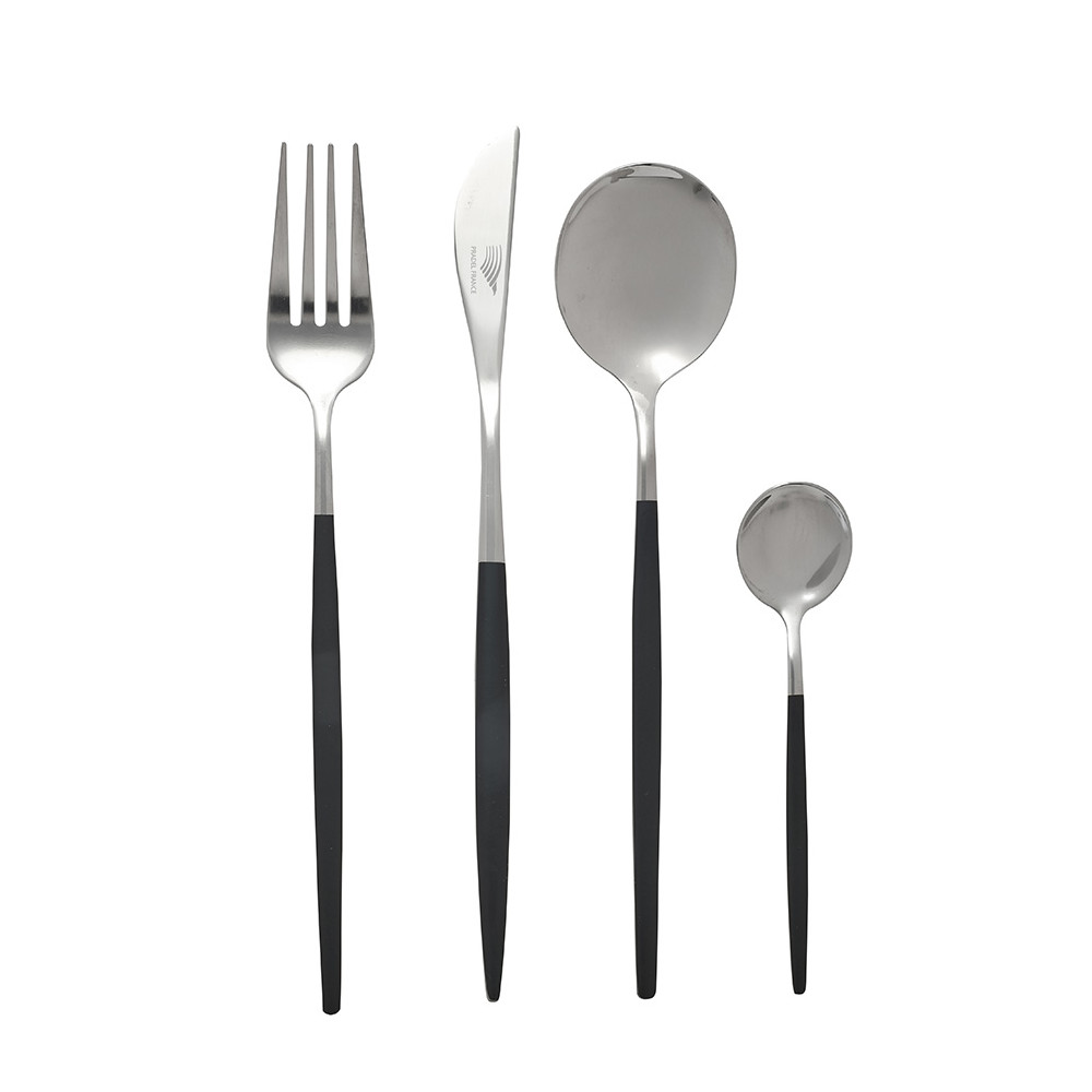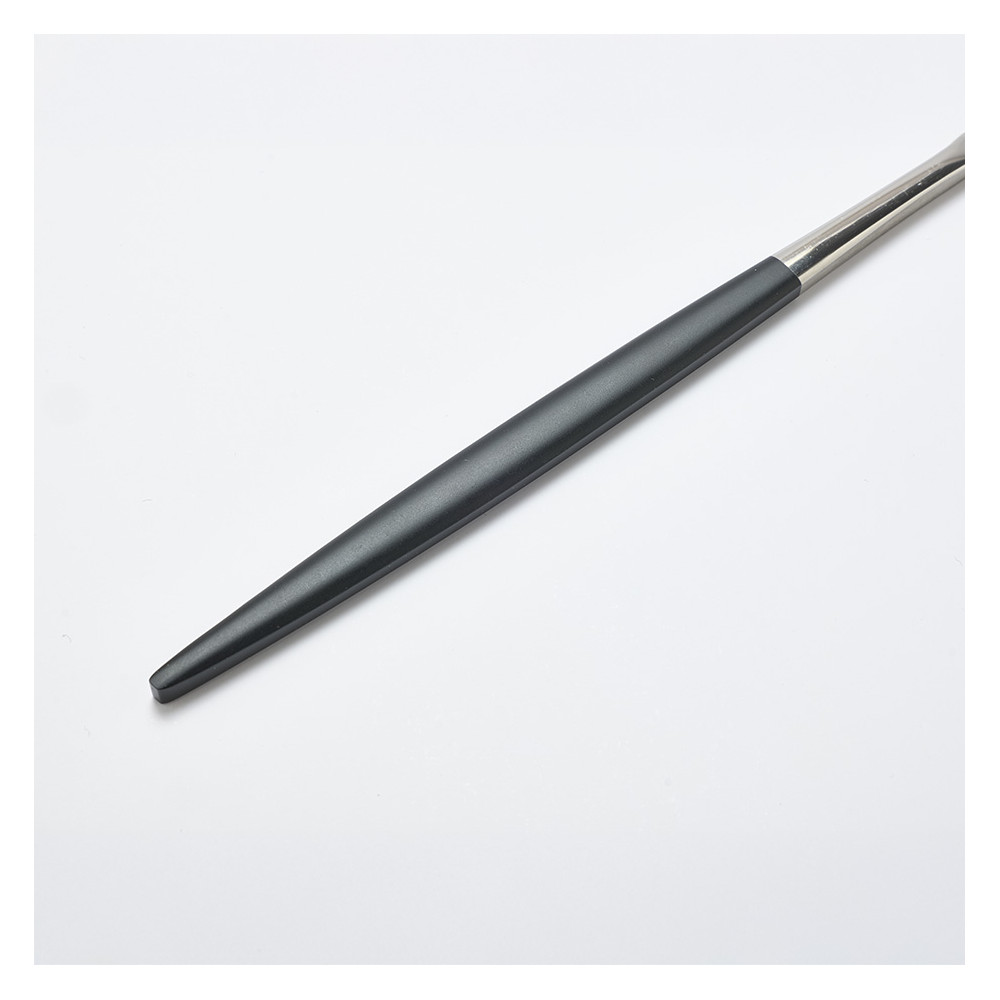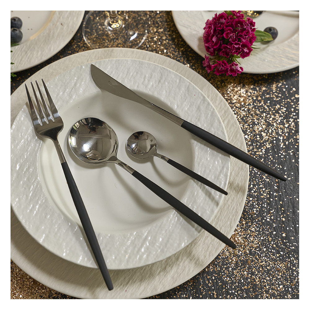La ménagère 24 pièces "NARA" se distingue par son design épuré et sa silhouette fuselée, incarnant l’alliance parfaite entre modernité et raffinement. Conçus en acier inoxydable 18/0, les couverts sont sublimés par un manche noir peint, qui apporte une touche de sobriété chic à l’ensemble.
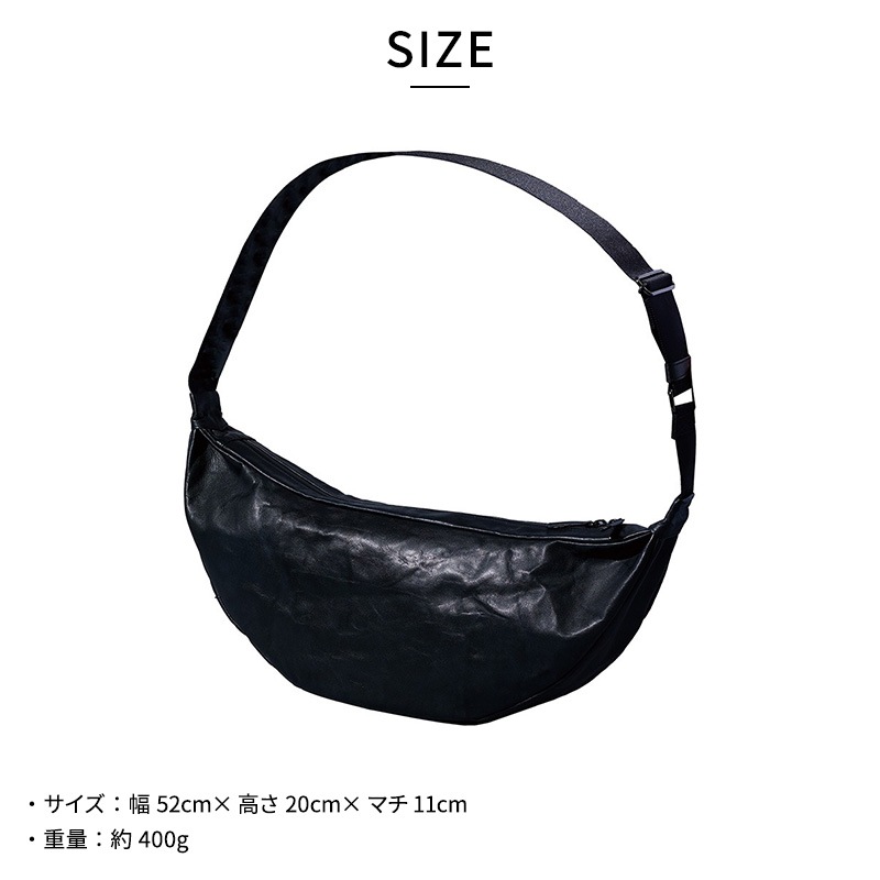 相棒のように毎日使いたい撥水牛革製ボディバッグ シワ加工を施した撥水牛革製なのでタフに使えます。中身が見やすいシルバー内装。小物を収納しやすい、2箇所の内ポケット付き。開閉しやすいダブルジップ仕様です。滑りがよく体に沿いやすいナイロンベルトは、バッグを後ろから前に、前から後ろにスムースにスライドできます。
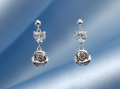 ホワイトゴールドの美しい薔薇の花は枯れることなく いつまでもその輝きをみせてくれる揺れるピアスです。 |
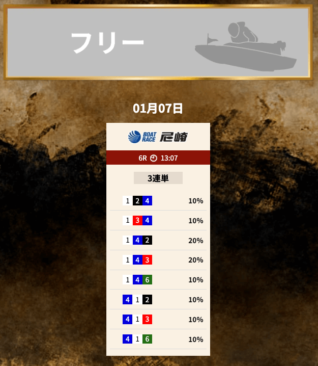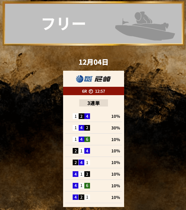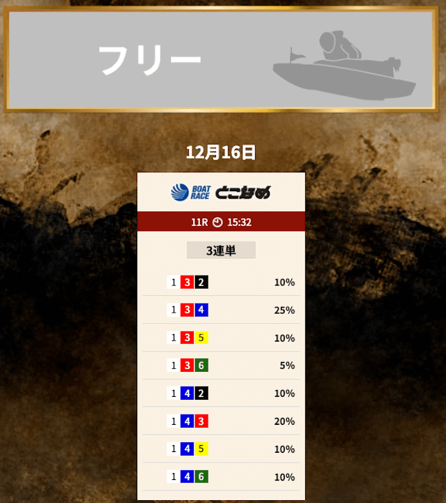 - 無料予想でも期待できる唯一無二の競艇予想サイトです。実際、5回中5回的中したので運が良かったのか?普通に小遣い稼ぎになるので押さえておくと良いかとw投稿日:2025/08/24

..........

▶ Work task: In your copy, leave out the pictures and reproduce the material above exactly.

▶ Written answer:
La ménagère 24 pièces "NARA" se distingue par son design épuré et sa silhouette fuselée, incarnant l’alliance parfaite entre modernité et raffinement. Conçus en acier inoxydable 18/0, les couverts sont sublimés par un manche noir peint, qui apporte une touche de sobriété chic à l’ensemble.
 相棒のように毎日使いたい撥水牛革製ボディバッグ シワ加工を施した撥水牛革製なのでタフに使えます。中身が見やすいシルバー内装。小物を収納しやすい、2箇所の内ポケット付き。開閉しやすいダブルジップ仕様です。滑りがよく体に沿いやすいナイロンベルトは、バッグを後ろから前に、前から後ろにスムースにスライドできます。
 ホワイトゴールドの美しい薔薇の花は枯れることなく いつまでもその輝きをみせてくれる揺れるピアスです。 |
 - 無料予想でも期待できる唯一無二の競艇予想サイトです。実際、5回中5回的中したので運が良かったのか?普通に小遣い稼ぎになるので押さえておくと良いかとw投稿日:2025/08/24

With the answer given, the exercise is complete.